Required action: Please restate each line of the data that follows word for word, skipping any image.

Provided data:
──────────

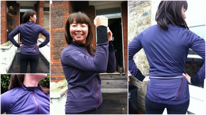 The Colette Rain Jacket is the first jacket I’ve worn that doesn’t make me feel like I’m wearing a tent. The first outing was with a t-shirt and a light wool cardigan underneath, in sunny 16 degree autumn weather. The cardigan had to come off as it was making me too warm. This jacket is not meant for layering! I later tried it over a jersey and it was perfect. It even rolls up small enough to stuff into my jersey pocket!
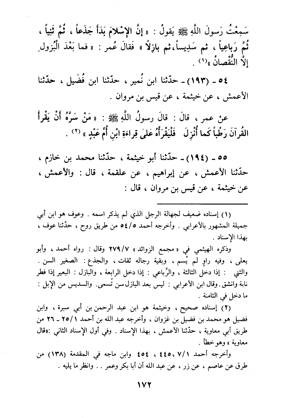 193 - حَدَّثَنَا ابْنُ نُمَيْرٍ، حَدَّثَنَا ابْنُ فُضَيْلٍ، حَدَّثَنَا الْأَعْمَشُ، عَنْ خَيْثَمَةَ، عَنْ قَيْسِ بْنِ مَرْوَانَ، عَنْ عُمَرَ، قَالَ: قَالَ رَسُولُ اللَّهِ صَلَّى اللهُ عَلَيْهِ وَسَلَّمَ: «§مَنْ سَرَّهُ أَنْ يَقْرَأَ الْقُرْآنَ رَطْبًا كَمَا أُنْزِلَ، فَلْيَقْرَأْهُ عَلَى قِرَاءَةِ ابْنِ أُمِّ عَبْدٍ» Kإسناده صحيح
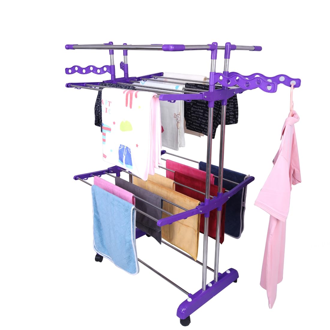 Its 2-tier jumbo design with 16 rods and 1 large square top rod offers abundant drying capacity for clothes, towels, and bed linens, making it ideal for medium to large families. The foldable and space-saving construction lets you conveniently store it when not in use, while the smooth 360° rotating wheels allow effortless movement across rooms, balconies, or terraces.

──────────

Response to the task:
 The Colette Rain Jacket is the first jacket I’ve worn that doesn’t make me feel like I’m wearing a tent. The first outing was with a t-shirt and a light wool cardigan underneath, in sunny 16 degree autumn weather. The cardigan had to come off as it was making me too warm. This jacket is not meant for layering! I later tried it over a jersey and it was perfect. It even rolls up small enough to stuff into my jersey pocket!
 193 - حَدَّثَنَا ابْنُ نُمَيْرٍ، حَدَّثَنَا ابْنُ فُضَيْلٍ، حَدَّثَنَا الْأَعْمَشُ، عَنْ خَيْثَمَةَ، عَنْ قَيْسِ بْنِ مَرْوَانَ، عَنْ عُمَرَ، قَالَ: قَالَ رَسُولُ اللَّهِ صَلَّى اللهُ عَلَيْهِ وَسَلَّمَ: «§مَنْ سَرَّهُ أَنْ يَقْرَأَ الْقُرْآنَ رَطْبًا كَمَا أُنْزِلَ، فَلْيَقْرَأْهُ عَلَى قِرَاءَةِ ابْنِ أُمِّ عَبْدٍ» Kإسناده صحيح
 Its 2-tier jumbo design with 16 rods and 1 large square top rod offers abundant drying capacity for clothes, towels, and bed linens, making it ideal for medium to large families. The foldable and space-saving construction lets you conveniently store it when not in use, while the smooth 360° rotating wheels allow effortless movement across rooms, balconies, or terraces.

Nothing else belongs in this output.